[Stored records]
★ ★ ★ ★ ★
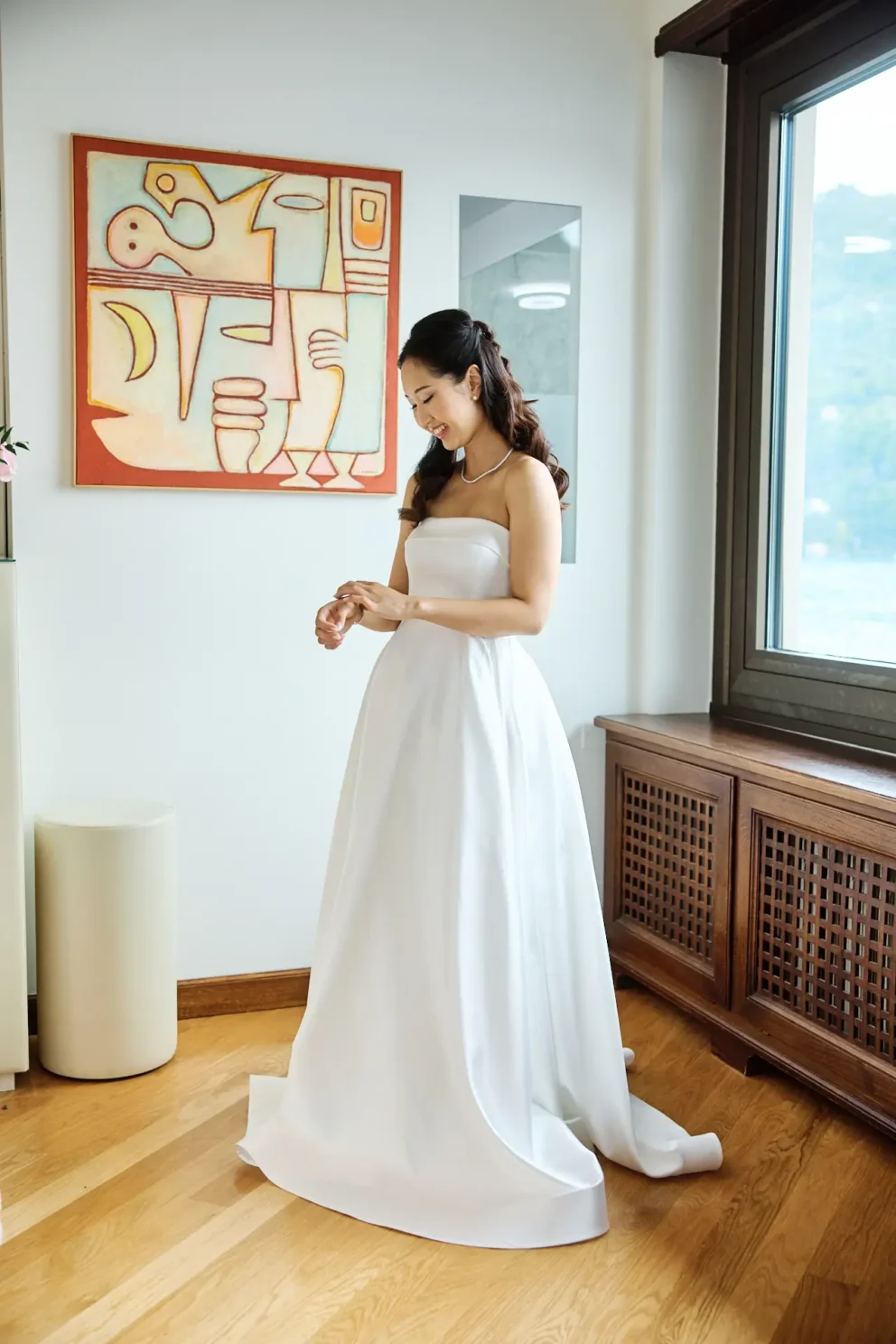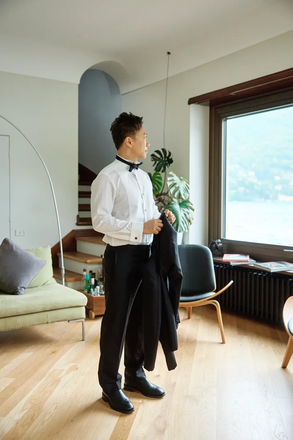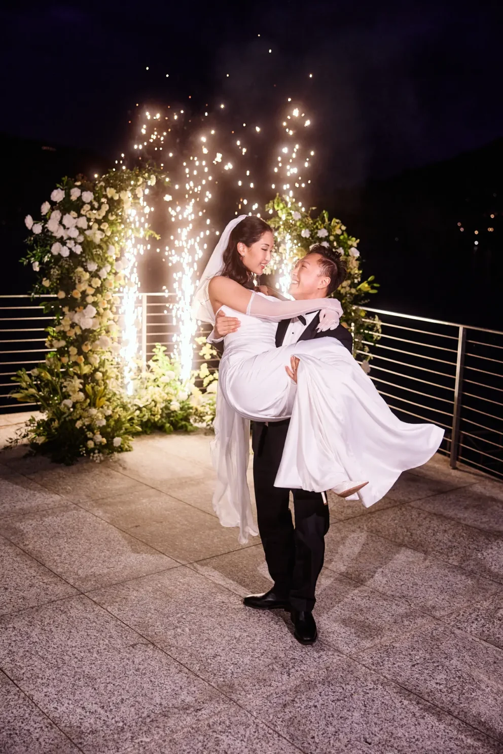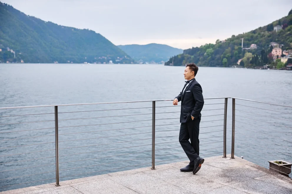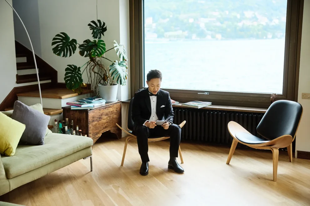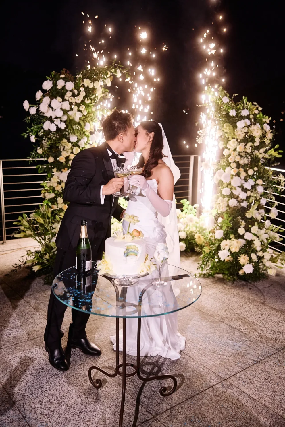 The celebration quickly moved from the villa to the water. We took them out on a classic Riva boat, not just for portraits, but for a true party on the water with their friends. Cruising along the shores of Lake Como, they shared toasts and laughter, creating a memory that was both stylish and genuinely fun.
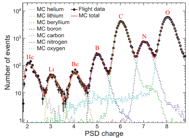 圖1:“悟空”號(hào)用來(lái)鑒別宇宙射線核素的PSD電荷譜
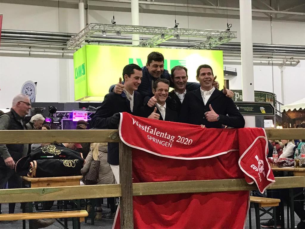 Das Team vom KRV Borken hat das Mannschaftsspringen der westfälischen Kreisverbände 2020 gewonnen. Mannschaftsführer Gerd Könemann und seine Reiter Reto Weishaupt (RV Ahaus-Ammeln), Yann Chartier und Hermann Ostendarp (beide ZRFV Borken) sowie Stefan Engbers (RFV Südlohn-Oeding) schafften den Sieg mit einem Null-Fehler-Gesamtergebnis. Zweiter wurde das Team vom Reiterverband Münster vor der Mannschaft des Kreisreiterverbandes Steinfurt.
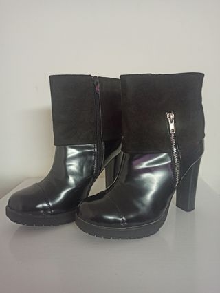 Botim salto alto vinil com fecho Cor preto Tamanho: 38 Altura salto: 10cm Altura plataforma frontal: 2cm Usados uma vez
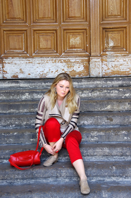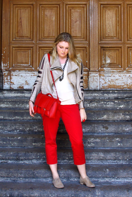That jacket is so amazing! I love red a tan together, too. Great color combination.
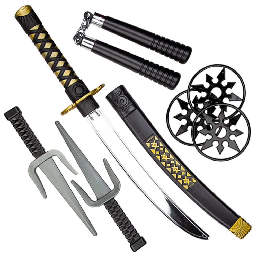 Kompletter ninja-kostymen din med dette kule ninjasettet i plast, perfekt som tilbehør til ninja-kostyme. Dette barnevennlige ninjasettet inneholder stilige ninjavåpen som kastestjerner, nunchucks, sai-kniver og et katanasverd.
★ ★ ★ ★ ★
## What to work on:
Extract, character for character, every line from the one that holds "Botim salto alto" through the end of the entries above. Include both boundary lines and no pictures.

## Answer section:
 Botim salto alto vinil com fecho Cor preto Tamanho: 38 Altura salto: 10cm Altura plataforma frontal: 2cm Usados uma vez
That jacket is so amazing! I love red a tan together, too. Great color combination.
 Kompletter ninja-kostymen din med dette kule ninjasettet i plast, perfekt som tilbehør til ninja-kostyme. Dette barnevennlige ninjasettet inneholder stilige ninjavåpen som kastestjerner, nunchucks, sai-kniver og et katanasverd.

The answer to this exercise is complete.